> **WHAT YOU ARE ASKED TO DO**: Leave every picture out. Set down all the lines below exactly.

> **DATA PROVIDED**:
● ● ● ● ● ● ●

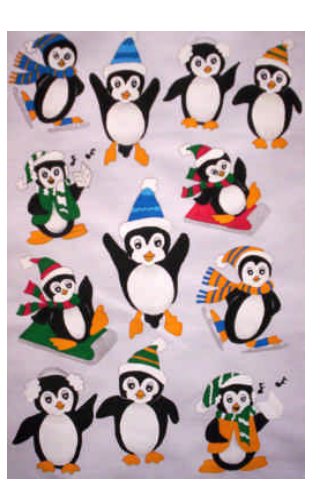
T4656-Mr&Mrs&Friends T4660-Playful Penguins
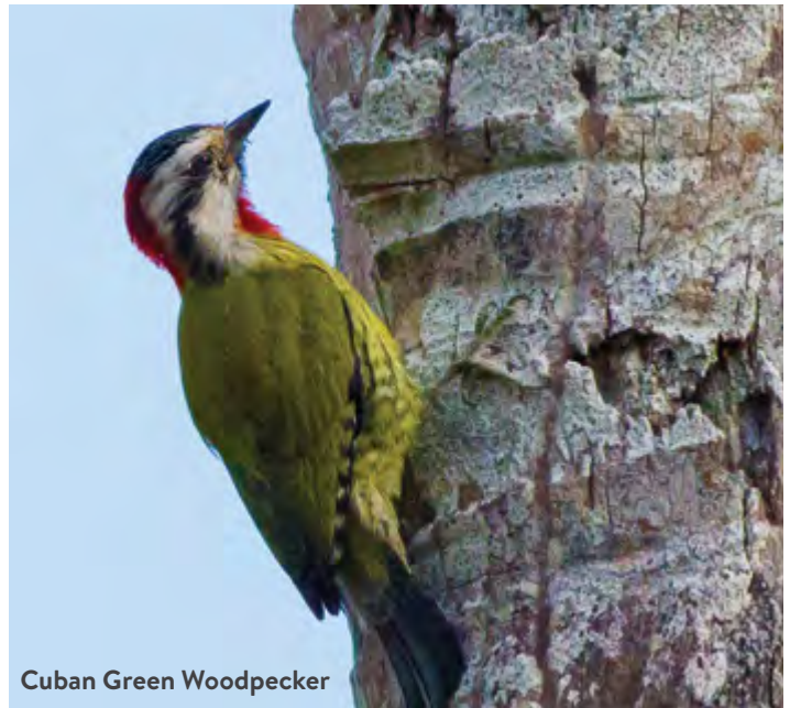
Cuban Green Woodpecker
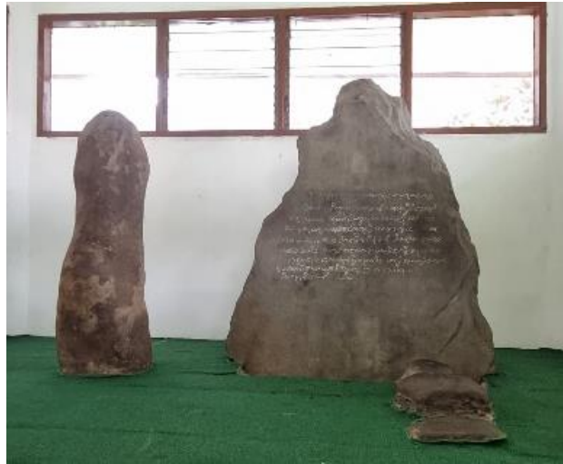
Figure 7. The slate inscriptions around the Pakuan Pajajaran Palace

The slate inscriptions found around the Pakuan Pajajaran Palace in Bogor are one of the historical relics that provide valuable information about the life, culture and history of the Pakuan Pajajaran kingdom.

● ● ● ● ● ● ●

> **EXERCISE ANSWER**:
T4656-Mr&Mrs&Friends T4660-Playful Penguins
Cuban Green Woodpecker
Figure 7. The slate inscriptions around the Pakuan Pajajaran Palace

The slate inscriptions found around the Pakuan Pajajaran Palace in Bogor are one of the historical relics that provide valuable information about the life, culture and history of the Pakuan Pajajaran kingdom.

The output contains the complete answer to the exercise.